Bandar Lampung – Pemerintah Provinsi Lampung menegaskan komitmennya dalam menjamin hak pelayanan kesehatan masyarakat di 15 kabupaten/kota. Hal tersebut dibuktikan melalui pengalokasian anggaran sebesar Rp125 miliar untuk mendukung kepesertaan BPJS Kesehatan sepanjang tahun anggaran 2026.Panduan & Petunjuk Perjalanan

​Hal tersebut disampaikan oleh Sekdaprov Lampung, Marindo Kurniawan, usai memimpin Rapat Forum Kemitraan Pengelolaan Kerjasama Fasilitas Kesehatan Provinsi Lampung Semester I Tahun 2026 yang berlangsung di Ruang Sakai Sambayan, Senin (18/5/2026).

​Sekdaprov Marindo Kurniawan merincikan bahwa total anggaran tersebut dibagi ke dalam dua pos jaminan pembiayaan kesehatan masyarakat.

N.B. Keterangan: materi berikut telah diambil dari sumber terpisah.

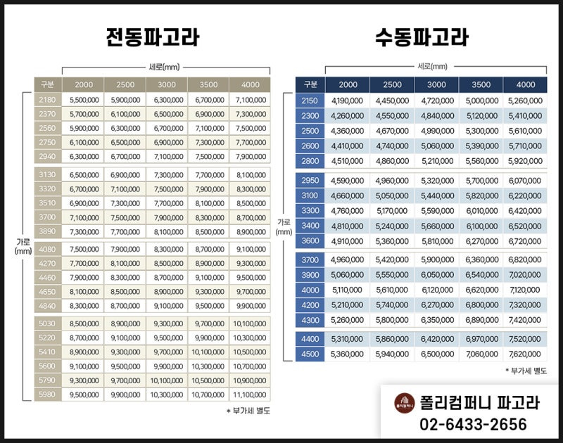 👇파고라 가격표 남겨드릴게요👇

​”Kita pastikan bahwa dukungan dan niat ya, dari Pemerintah Provinsi Lampung bersama DPRD tentunya, telah mengalokasikan anggaran untuk meng-cover BPJS ini, PBI sebesar 85 miliar, kemudian juga ada PBPU sebesar 40 miliar,” ujar Sekdaprov Marindo.

​Ia menambahkan bahwa anggaran dengan total Rp125 miliar tersebut dialokasikan untuk masa satu tahun penuh guna menyisir masyarakat yang belum terakomodasi oleh jaminan kesehatan di tingkat kabupaten/kota.Tujuan Wisata

​”Untuk satu tahun meng-cover masyarakat Lampung di 15 kabupaten/kota. Tentunya kan di 15 kabupaten/kota ini sudah ada dukungan masing-masing. Tinggal bagaimana provinsi meng-cover yang kabupaten/kota yang belum,” jelasnya.

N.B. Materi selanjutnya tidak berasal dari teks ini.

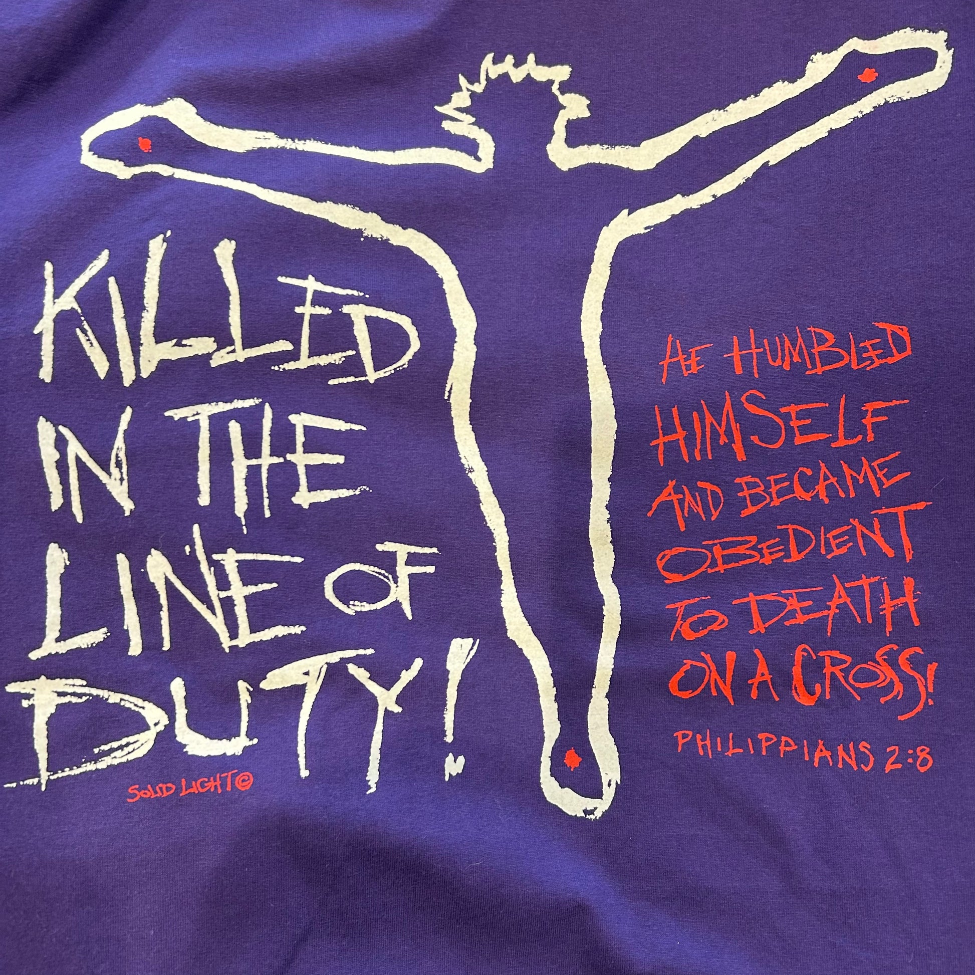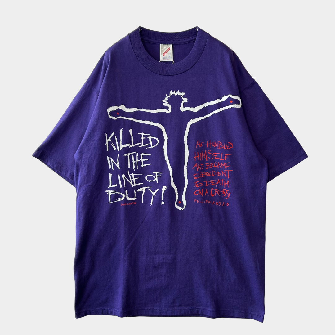 90's JERZEES イエスキリスト メッセージTシャツ 紫(L)/A6422T-SO

​Guna menjaga agar kepesertaan masyarakat tetap aktif, Pemerintah Provinsi Lampung berjanji akan mengawal proses administrasi pembiayaan ini secara berkala.

“Dalam pelaksanaannya tentunya proses realisasi pembayarannya kita pastikan tepat waktu, sehingga kecukupan kepesertaannya, keaktifan kepesertaannya bisa terjamin terlaksana dengan baik,” imbuh Sekdaprov.

​Di sisi lain, menanggapi persoalan adanya kepesertaan PBI JKN yang dinonaktifkan akibat kendala data maupun administrasi pembiayaan, Pemprov Lampung secara tegas meminta pihak BPJS Kesehatan untuk lebih fleksibel dan mengedepankan komunikasi persuasif. Sekdaprov meminta agar BPJS tidak serta-merta memutus hak jaminan kesehatan masyarakat tanpa adanya pemberitahuan terlebih dahulu.

​”Yang dinonaktifkan itu kan ada banyak kendala, dari sisi data, kemudian juga dari sisi pembiayaan. Kita minta kepada BPJS untuk bisa memastikan, di-warning terlebih dahulu ketika ada data kepesertaan BPJS yang tidak aktif akibat belum dibayar mungkin preminya. Nah, ini yang menjadi kendala, oleh karenanya jangan buru-buru diputus,” tegas Marindo.

​Melalui mekanisme peringatan dini tersebut, diharapkan seluruh pihak pemberi kerja, baik pemerintah maupun sektor mandiri, dapat segera merespons kewajibannya.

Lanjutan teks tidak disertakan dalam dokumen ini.